§ EXERCISE DATA:
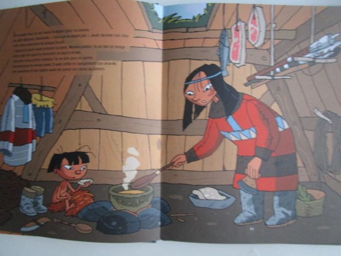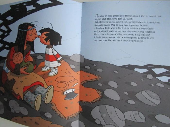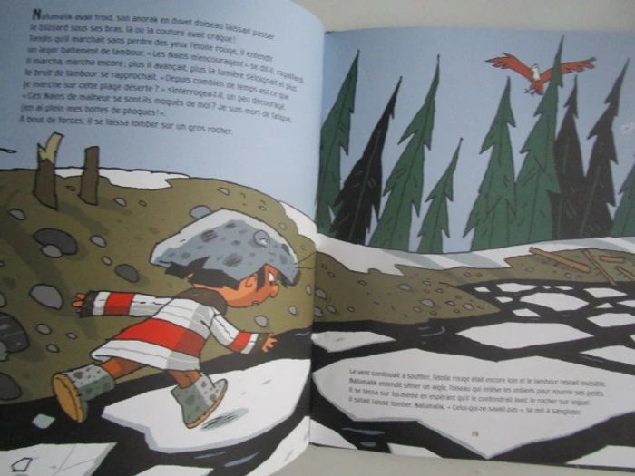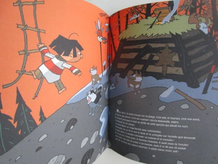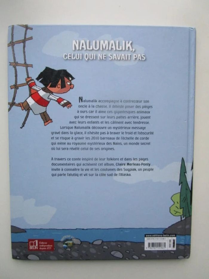 Nalumalik accompagne à contrecoeur son oncle à la chasse. Il déteste poser des pièges à ours car il aime ces gigantesques animaux qui se dressent sur leurs pattes arrière, jouent avec leurs enfants et les câlinent avec tendresse. Lorsque Nalumalik découvre un mystérieux message gravé dans la glace, il n'hésite pas à braver le froid et l'obscurité et se risque à gravir les 2010 barreaux de l'échelle de corde qui mène au royaume mystérieux des Nains, un monde secret où lui sera révélé celui de ses origines. A travers ce conte inspiré de leur folklore et dans les pages documentaires qui achèvent cet album, Claire Merleau-Ponty invite à connaître la vie et les coutumes des Sugpiak, un peuple qui parle l'alutiiq et vit sur la côte sud de l'Alaska. Éditeur ‏ : ‎ Belin 44 pages Âge de lecture ‏ : ‎ 4 - 7 ans Dimensions ‏ : ‎ 22.5 x 0.8 x 28.5 cm BD en état neuf #alaska #chasse #ours #conte #origine #message #coutumes #traditions
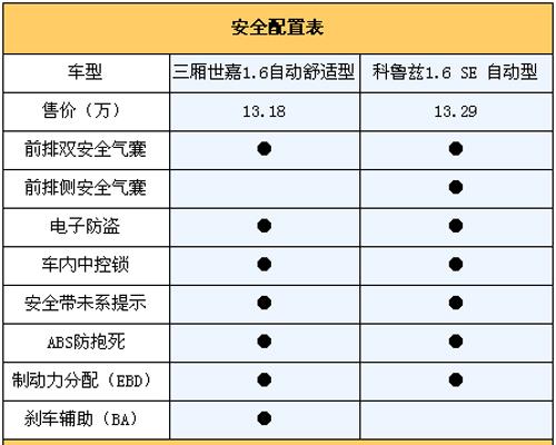 從上面表中我們看出,科魯茲在被動安全配備上更出色,除了正面雙氣囊外還配備了側面安全氣囊,當車輛發生側面碰撞時對駕乘者的保護要更到位。相比之下三廂世嘉只在更高的豪華型中配備了側氣囊,不過三廂世嘉的主動安全方面卻比較完備,ABS+EBD+BA的組合完全可以應付日常緊急情況,而科魯茲相對來說就有些單薄,甚至在當前經濟型轎車都要配備剎車輔助系統的情形下,這項配備的缺失不能不說是一種遺憾!
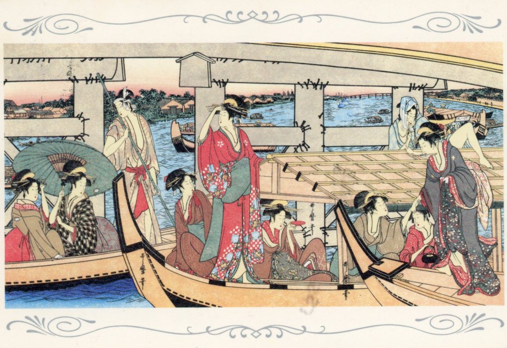 Enjoying a Cool at the Ryogoku-bashi Bridge by Utamaro Kitagawa (1753-1806), Ukiyoe A Series of Six Pictures

§ ABOUT THIS EXERCISE: A faithful, word-for-word copy of the data is needed; the pictures should not appear in it.

§ RESPONSE BOX:
 Nalumalik accompagne à contrecoeur son oncle à la chasse. Il déteste poser des pièges à ours car il aime ces gigantesques animaux qui se dressent sur leurs pattes arrière, jouent avec leurs enfants et les câlinent avec tendresse. Lorsque Nalumalik découvre un mystérieux message gravé dans la glace, il n'hésite pas à braver le froid et l'obscurité et se risque à gravir les 2010 barreaux de l'échelle de corde qui mène au royaume mystérieux des Nains, un monde secret où lui sera révélé celui de ses origines. A travers ce conte inspiré de leur folklore et dans les pages documentaires qui achèvent cet album, Claire Merleau-Ponty invite à connaître la vie et les coutumes des Sugpiak, un peuple qui parle l'alutiiq et vit sur la côte sud de l'Alaska. Éditeur ‏ : ‎ Belin 44 pages Âge de lecture ‏ : ‎ 4 - 7 ans Dimensions ‏ : ‎ 22.5 x 0.8 x 28.5 cm BD en état neuf #alaska #chasse #ours #conte #origine #message #coutumes #traditions
 從上面表中我們看出,科魯茲在被動安全配備上更出色,除了正面雙氣囊外還配備了側面安全氣囊,當車輛發生側面碰撞時對駕乘者的保護要更到位。相比之下三廂世嘉只在更高的豪華型中配備了側氣囊,不過三廂世嘉的主動安全方面卻比較完備,ABS+EBD+BA的組合完全可以應付日常緊急情況,而科魯茲相對來說就有些單薄,甚至在當前經濟型轎車都要配備剎車輔助系統的情形下,這項配備的缺失不能不說是一種遺憾!
 Enjoying a Cool at the Ryogoku-bashi Bridge by Utamaro Kitagawa (1753-1806), Ukiyoe A Series of Six Pictures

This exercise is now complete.